BM’in çocuklarla ilgili kuruluşu olan UNICEF;  hükümetlere hastalığın giderek yoğunlaşan sosyo-ekonomik etkilerine karşı çocukların güvenliğini ve esenliğini koruma çağrısında bulunarak, bu hususta önlemlerin yer aldığı bir rehber yayınlamıştır.    (www.unicef.org/turkey)

Yine Türkiye’nin de taraf olarak imzaladığı ve 2011 yılında yürürlüğe giren Çocukların Cinsel Sömürü ve Cinsel İstismara Karşı Korunmasına Dair Avrupa Konseyi Sözleşmesi gereği (Lanzarote Sözleşmesi) devletin sorumluluklarını önemle hatırlatmak isteriz. Lanzarote Komitesi Başkanı ve Başkan Yardımcısının Covid-19 salgını döneminde çocukları cinsel istismara ve suiistimale karşı korumak adına önlemlerin artırılması için yayınladıkları  Bildiride;

Taraf devletlere acil çağrıda bulunarak, çocuklar konusunda düzenli bir şekilde durumu gözden geçirmek, ihtiyaçları belirlemek, önlemleri uyumlu hale getirmek için ulusal ve yerel otoriteler, sivil toplum örgütleri ve özel sektör ile diyalog halinde olmalarını, artan şiddet, ihmal ve suiistimal risklerine karşı yardım hatlarının çocuklar tarafından bilinmesinin sağlanmasını, bu hatların 24 saat aktif çalışır kılınması için insan kaynaklarına ve ekipmanlarına sahip olmasını, ulusal seviyede çocuk cinsel istismarını engellemeyi amaçlayan farkındalık materyallerini yaygınlaştırmasını, dağıtmasını, ebeveynlere bu hususlarda destek sunmasını, tüm verilerin raporlanmasını içeren bir dizi gerekli uyarıda bulunmuşlardır.

Ülkemizde de Covid-19 pandemisi kaynaklı alınan önlemler sürecinde, çocukların  ev ortamında ya da çocuk işçiliği kapsamında hangi şiddet türlerine maruz kaldığının bilinmediği, çocukların psikolojik etkilenmeleri hususunda somut hiçbir çalışma yapılmadığı, gıda erişimi olmayan çocukların yeterince beslenemediği ve ne yazık ki çocuğun cinsel istismar suçunun önlenemediği görülmektedir. Yine İnfaz düzenlemesi çalışmaları sırasında, iktidarın 2016 yılından beri sıkça gündeme getirdiği, çocuğu tecavüz edenle evliliğin önünü açarak, çocuk istismarının meşrulaştırılması düzenlemesi de  bu kriz ortamından faydalanılarak  yapılmak istenen ancak sivil toplum örgütlerinin tepkisiyle tekrar askıya alınan bir durumdur. Bu hususta; iktidarın kriz ortamından faydalanarak böyle bir düzenleme yapmasına hiçbir surette izin vermeyeceğimizi bir kez daha vurgulamak isteriz.

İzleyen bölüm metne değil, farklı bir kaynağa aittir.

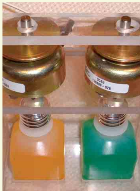
Figure 1b. Solenoid-activated perfume bottles

Fundamentally, there are only a few methods to get scent into the air from a source. The control side is comparatively simple: The computer, be it a full-featured desktop machine or a simple embedded chip, sends a signal out through a serial or parallel port to a relay, which turns on the output device itself for a designated period of time.

Diyarbakır Barosu Çocuk Hakları Merkezi olarak;  10 Mart 2020 – 29.04.2020 tarih aralığında Diyarbakır ilinde CMK kapsamında cinsel istismar mağduru çocuklara atanan avukat görevlendirmesi verilerini geçmiş 5 yıla kıyaslayarak sizlerle paylaşıyoruz. İkinci tabloda ise 2020 yılının ilk dört ayına ilişkin veriler bulunmaktadır.

 

Çocuğa karşı işlenen cinsel suçlara ilişkin verilerin, pandemi sürecinde devletin yetkili makamlarınca düzenli olarak raporlanması gerektiğini, çocuğa karşı cinsel istismar ve diğer şiddet unsurları kapsamında ulusal ve uluslararası taraf olduğumuz sözleşmeler gereği yetkililerce ne gibi önlemler alındığının tüm kamuoyu ile  paylaşılmasını talep ediyoruz. 02.05.2020

                                                       DİYARBAKIR BAROSU ÇOCUK HAKLARI MERKEZİ

 

Not: İstanbul Barosu Çocuk Hakları Merkezi’ne Lanzarote Komitesi Başkan ve Yardımcısının Bildirisini  Türkçeye çevirdikleri için teşekkürlerimizi sunmak isteriz.